A “licença extra-penal” significa que, a qualquer momento, se não se comportarem “correctamente”, podem regressar à cadeia. Olivera e Espinosa Chepe receberam muito recentemente essa advertência.
Alguns deles conseguiram sair de Cuba, numa conjugação de esforços, e vivem hoje em países da União Europeia. Vázquez Portal encontra-se actualmente nos Estados Unidos.
No caso de Raúl Rivero, intervieram directamente o Governo espanhol e o Prémio Nobel da Literatura Gabriel Garcia Márquez para que pudesse viajar para Madrid.
Jorge Olivera tem visto para viajar para os Estados Unidos, mas o Governo de Cuba nega-lhe a autorização de saída.
Neste momento, encontra-se num hospital de Villa Clara (centro da ilha) o jornalista Guillermo Fariñas, que iniciou há mais de cinco semanas uma greve de fome para que lhe seja dado acesso à internet.
Na prisão de Kilo 8, em Camaguey, está em greve de fome o jornalista Juan Carlos Herrera. Numa carta que conseguiu enviar a partir da prisão, explicou esta sua atitude pelas “condições desumanas de reclusão, a falta de assistência médica e os maus-tratos físicos e verbais de que é vítima, bem como os restantes presos políticos e de consciência encarcerados nesta cruel prisão”.
Em 1991, um grupo de 10 intelectuais, entre os quais cinco jornalistas, enviou uma carta ao Governo cubano pedindo um diálogo nacional e algumas reformas. Alguns deles conheceram a prisão. Todos foram expulsos das associações de jornalistas ou escritores de que faziam parte. Já nenhum vive hoje em Cuba.
Nesta primavera de 2006, repetem-se em Cuba os chamados “actos de repúdio” contra dissidentes ou familiares dos jornalistas presos.

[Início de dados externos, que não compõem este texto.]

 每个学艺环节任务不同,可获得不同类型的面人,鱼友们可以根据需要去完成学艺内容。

São verdadeiros fuzilamentos verbais, ocasionalmente acompanhados de agressões físicas.
Reiteramos que respeitamos o direito a partilhar o “mojito” com os representantes diplomáticos dos carcereiros. Em definitivo, os jornalistas portugueses têm o privilégio de viver num país democrático. Simplesmente, desejamos recordar a situação dos companheiros presos em Cuba. E sugerir, já agora, que perguntem ao Embaixador de Cuba se lhes dá autorização para visitarem os jornalistas cubanos nas cadeias e conversar com os seus familiares.

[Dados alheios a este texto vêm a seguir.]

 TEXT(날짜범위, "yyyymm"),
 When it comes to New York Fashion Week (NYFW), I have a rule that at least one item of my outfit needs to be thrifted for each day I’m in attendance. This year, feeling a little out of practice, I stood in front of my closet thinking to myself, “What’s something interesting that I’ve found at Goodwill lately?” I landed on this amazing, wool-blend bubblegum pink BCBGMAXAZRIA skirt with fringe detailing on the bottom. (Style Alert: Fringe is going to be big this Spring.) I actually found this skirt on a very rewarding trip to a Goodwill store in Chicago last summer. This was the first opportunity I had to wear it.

Ou talvez perguntar-lhe porquê um “mojito” e não, já agora, um “azuquín”. Porque em Cuba, nem os próprios carcereiros podem comprar rum verdadeiro para confeccionar o “mojito” ou o “daiquiri” e preparam então uma bebida a que chamam “azuquín”, obtida simplesmente a partir do açúcar fermentado. Porque os pobres até das ervilhas secas extraem bebidas, enquanto os “mojitos” ficam geralmente para os convidados VIP do Governo.
Os assinantes desta carta manifestam ainda a sua disponibilidade para discutir com os representantes diplomáticos cubanos, num painel moderado por um jornalista português de reconhecido prestígio, a situação da imprensa em Cuba
Obrigado pela vossa atenção

Raúl Rivero Castañeda
Jornalista e poeta cubano. Um dos presos do grupo de 75 e signatário da carta dos 10 intelectuais. Condenado a 20 anos de prisão, cumpriu dois. Actualmente vive exilado em Madrid.

Manuel Díaz Martínez
Jornalista e poeta cubano, membro correspondente da Real Academia da Língua Espanhola. Signatário da carta dos 10 intelectuais. Vive exilado em Las Palmas de Gran Canaria desde 1992.

Miguel Rivero Lorenzo
Ex-dirigente da Unión de Periodistas de Cuba. Reside em Lisboa.